Arriving from the near future (late December, to be precise) comes the war movie Flags Of Our Fathers, directed by Clint Eastwood (so it’s a thoughtful sort of war movie). When I say this movie is concerned with the battle of Iwo Jima, a bloody clash near the end of the Pacific War, you will understand why I suspect it hasn’t done very well over here, well-made though it undoubtedly is. The Japanese are not actually demonised as such, but it remains unavoidably the case that a major plot point concerns them horribly killing a likeable character played by Jamie Bell. I was uncomfortably aware I was the only European in the theatre when I saw this movie — I nearly shouted ‘now you know how it feels when we watch Mel Gibson movies in England!’ but I thought better of it.

Anyway, the movie goes back and forth between the battle (lavishly recreated) — specifically the famous raising of the American flag atop the island — and the fates of the flag raisers when they are flown home to participate in a drive to raise money for the war effort.

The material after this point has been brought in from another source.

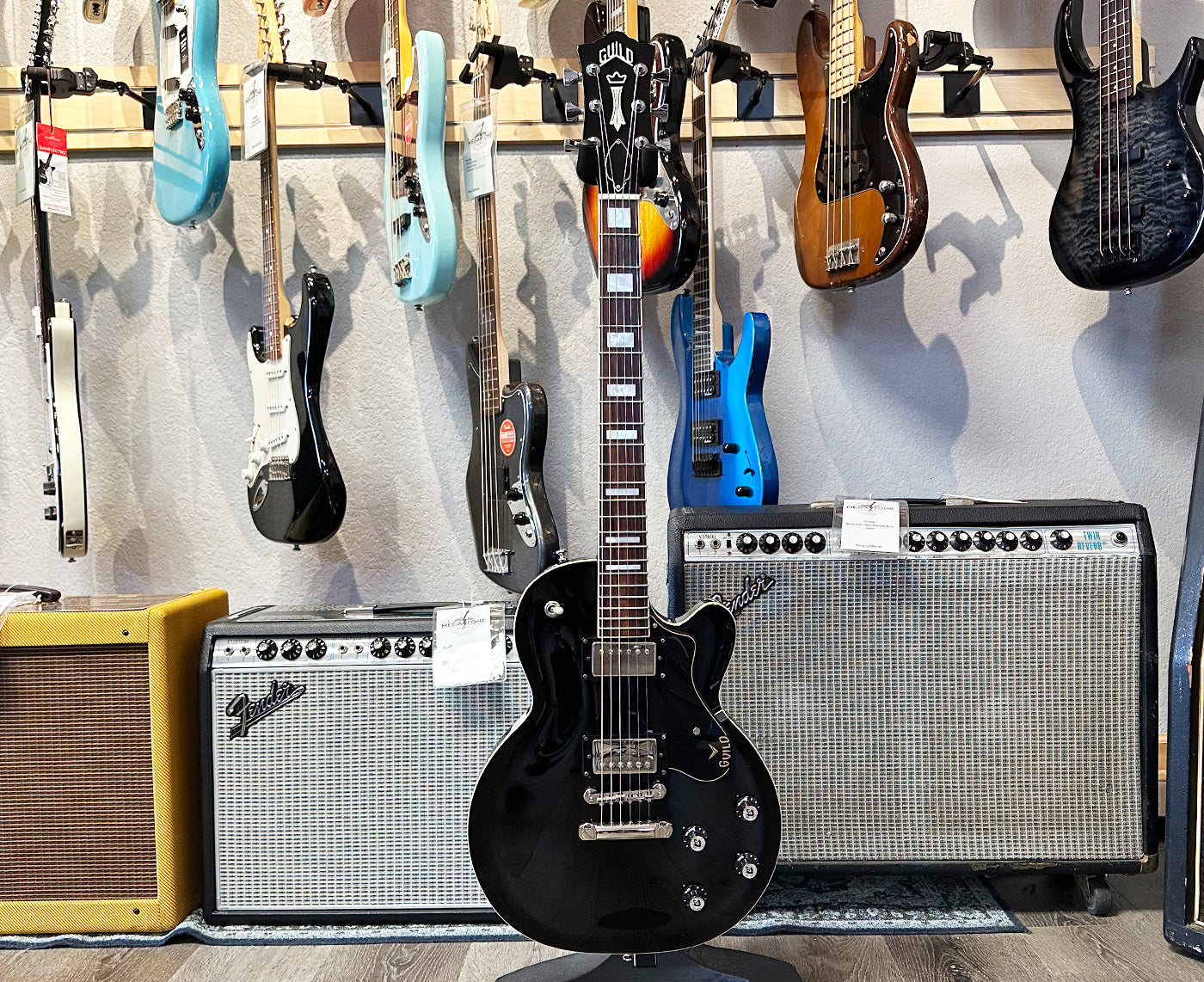 {"id":9175703585001,"title":"Guild Newark St. Bluesbird Electric Guitar in Jet Black","handle":"guild-newark-st-bluesbird-electric-guitar-in-gloss-black","description":"\u003cp\u003e\u003cmeta charset=\"UTF-8\"\u003e\u003cspan\u003eThe Bluesbird reflects Guild’s return to yet another historic solid body model. Originally released in 1970 as the solid body counterpart to the M-75 Aristocrat, the Bluesbird was subject to a few design changes over the decades. Today’s reissue features a carved maple top and maintains many of the aesthetic traits of the M-75 Bluesbird of the late 60s. Its lightweight chambered mahogany body allows for improved resonance and unparalleled comfort, making this guitar one of the lightest in its class. The Bluesbird features a 24 3\/4” scale, and fast-playing vintage C shaped neck. \u003c\/span\u003e\u003c\/p\u003e\n\u003cp\u003e\u003cspan\u003eWhile many of the Bluesbird’s specifications remain faithful to the original model, today’s updated version comes equipped with USA-made Seymour Duncan pickups, as well as a TonePros locking tune-o-matic bridge and stopbar tailpiece to offer the most versatile version of this guitar to date. Grover Sta-Tite tuning machines round out this ultimate package. \u003c\/span\u003e\u003c\/p\u003e\n\u003cp\u003e\u003cstrong\u003eCondition:\u003c\/strong\u003e Excellent, some light scratches on the back. Professionally set-up and plays great. \u003cbr\u003e\u003cbr\u003e\u003cstrong\u003eFeatures\u003c\/strong\u003e\u003cbr\u003e\u003c\/p\u003e\n\u003cul class=\"a-unordered-list a-vertical a-spacing-mini\"\u003e\n\u003cli class=\"a-spacing-mini\"\u003e\u003cspan class=\"a-list-item\"\u003eThe Bluesbird reflects Guild’s return to yet another historic solid body model \u003c\/span\u003e\u003c\/li\u003e\n\u003cli class=\"a-spacing-mini\"\u003e\u003cspan class=\"a-list-item\"\u003eOriginally released in 1970 as the solid body counterpart to the M-75 Aristocrat, the Bluesbird was subject to a few design changes over the decades \u003c\/span\u003e\u003c\/li\u003e\n\u003cli class=\"a-spacing-mini\"\u003e\u003cspan class=\"a-list-item\"\u003eToday’s reissue features a carved maple top and maintains many of the aesthetic traits of the M-75 Bluesbird of the late 60s \u003c\/span\u003e\u003c\/li\u003e\n\u003cli class=\"a-spacing-mini\"\u003e\u003cspan class=\"a-list-item\"\u003eThe lightweight chambered mahogany body allows for improved resonance and unparalleled comfort, making this guitar one of the lightest in its class \u003c\/span\u003e\u003c\/li\u003e\n\u003cli class=\"a-spacing-mini\"\u003e\u003cspan class=\"a-list-item\"\u003eThe Bluesbird features a 24 3\/4” scale, and fast-playing vintage C shaped neck \u003c\/span\u003e\u003c\/li\u003e\n\u003cli class=\"a-spacing-mini\"\u003e\u003cspan class=\"a-list-item\"\u003eNatural wood has unique spirit and varies greatly in color richness and wood grain; Product shipped may appear lighter or darker in color than the product shown here.\u003c\/span\u003e\u003c\/li\u003e\n\u003c\/ul\u003e\n\u003cp\u003e\u003cstrong\u003e\u003cspan class=\"a-list-item\"\u003eSpecifications\u003c\/span\u003e\u003c\/strong\u003e\u003c\/p\u003e\n\u003cul\u003e\n\u003cli\u003eMaple top - Black\u003c\/li\u003e\n\u003cli\u003eMahogany back and sides\u003c\/li\u003e\n\u003cli\u003eChambered Solid body\u003c\/li\u003e\n\u003cli\u003eIncludes Guild Deluxe Gig Bag\u003cbr\u003e\n\u003c\/li\u003e\n\u003cli\u003eMahogany neck\u003c\/li\u003e\n\u003cli\u003eRosewood fingerboard\u003c\/li\u003e\n\u003cli\u003eTone Pros NVR2 Locking Tune-O-Matic bridge\u003c\/li\u003e\n\u003cli\u003eSeymour Duncan USA JB SH-4 with nickel cover bridge pickup\u003c\/li\u003e\n\u003cli\u003eSeymour Duncan USA 59 Neck SH-1 with nickel cover neck pickup\u003c\/li\u003e\n\u003c\/ul\u003e","published_at":"2026-01-30T15:04:30-05:00","created_at":"2026-01-16T02:25:41-05:00","vendor":"Guild","type":"Electric","tags":["Black Electric Guitar","Bluesbird","Epiphone Les Paul","Gibson Les Paul","Gibson Les Pauls","Guild","Guild Electrics","Les Paul","Les Paul Standard","LP Style Guitars","reverbsync-condition:excellent","Single Cut Les Paul"],"price":59999,"price_min":59999,"price_max":59999,"available":true,"price_varies":false,"compare_at_price":null,"compare_at_price_min":0,"compare_at_price_max":0,"compare_at_price_varies":false,"variants":[{"id":50024672919785,"title":"Default Title","option1":"Default Title","option2":null,"option3":null,"sku":"GUILD-BB-JB","requires_shipping":true,"taxable":true,"featured_image":null,"available":true,"name":"Guild Newark St. Bluesbird Electric Guitar in Jet Black","public_title":null,"options":["Default Title"],"price":59999,"weight":9072,"compare_at_price":null,"inventory_quantity":1,"inventory_management":"shopify","inventory_policy":"deny","barcode":null,"requires_selling_plan":false,"selling_plan_allocations":[]}],"images":["\/\/megatonemusic.com\/cdn\/shop\/files\/Guild-Bluesbird-Electric-Guitar-Black-Image-1.jpg?v=1768548454","\/\/megatonemusic.com\/cdn\/shop\/files\/Guild-Bluesbird-Electric-Guitar-Black-Image-2.jpg?v=1768548454","\/\/megatonemusic.com\/cdn\/shop\/files\/Guild-Bluesbird-Electric-Guitar-Black-Image-3.jpg?v=1768548453","\/\/megatonemusic.com\/cdn\/shop\/files\/Guild-Bluesbird-Electric-Guitar-Black-Image-4.jpg?v=1768548453","\/\/megatonemusic.com\/cdn\/shop\/files\/Guild-Bluesbird-Electric-Guitar-Black-Image-14.jpg?v=1768549082","\/\/megatonemusic.com\/cdn\/shop\/files\/Guild-Bluesbird-Electric-Guitar-Black-Image-5.jpg?v=1768549082","\/\/megatonemusic.com\/cdn\/shop\/files\/Guild-Bluesbird-Electric-Guitar-Black-Image-6.jpg?v=1768549082","\/\/megatonemusic.com\/cdn\/shop\/files\/Guild-Bluesbird-Electric-Guitar-Black-Image-7.jpg?v=1768549082","\/\/megatonemusic.com\/cdn\/shop\/files\/Guild-Bluesbird-Electric-Guitar-Black-Image-8.jpg?v=1768549082","\/\/megatonemusic.com\/cdn\/shop\/files\/Guild-Bluesbird-Electric-Guitar-Black-Image-9.jpg?v=1768549082","\/\/megatonemusic.com\/cdn\/shop\

This is a rather slow and worthy movie, but hey — it could have been another drum-beating embarassment like Pearl Harbor, so let’s not complain. The cast features a mixture of established young stars like Ryan Phillipe and Paul Hunter and relative unknowns like Jesse Bradford and Adam Beach (who’s particularly good), together with older performers like Robert Patrick and Neal McDonough. Without being too specific, the movie makes various wise points about the difference between the myths and realities of war and the effect this can have on the participants when they return home. I suspect you actually have to be American to fully get this film, in the same way you have to be Catholic to really get The Exorcist, but I found it to be thoroughly engrossing and as well-made as one would expect from a Clint Eastwood project. I predict nominations and maybe even the odd actual Oscar.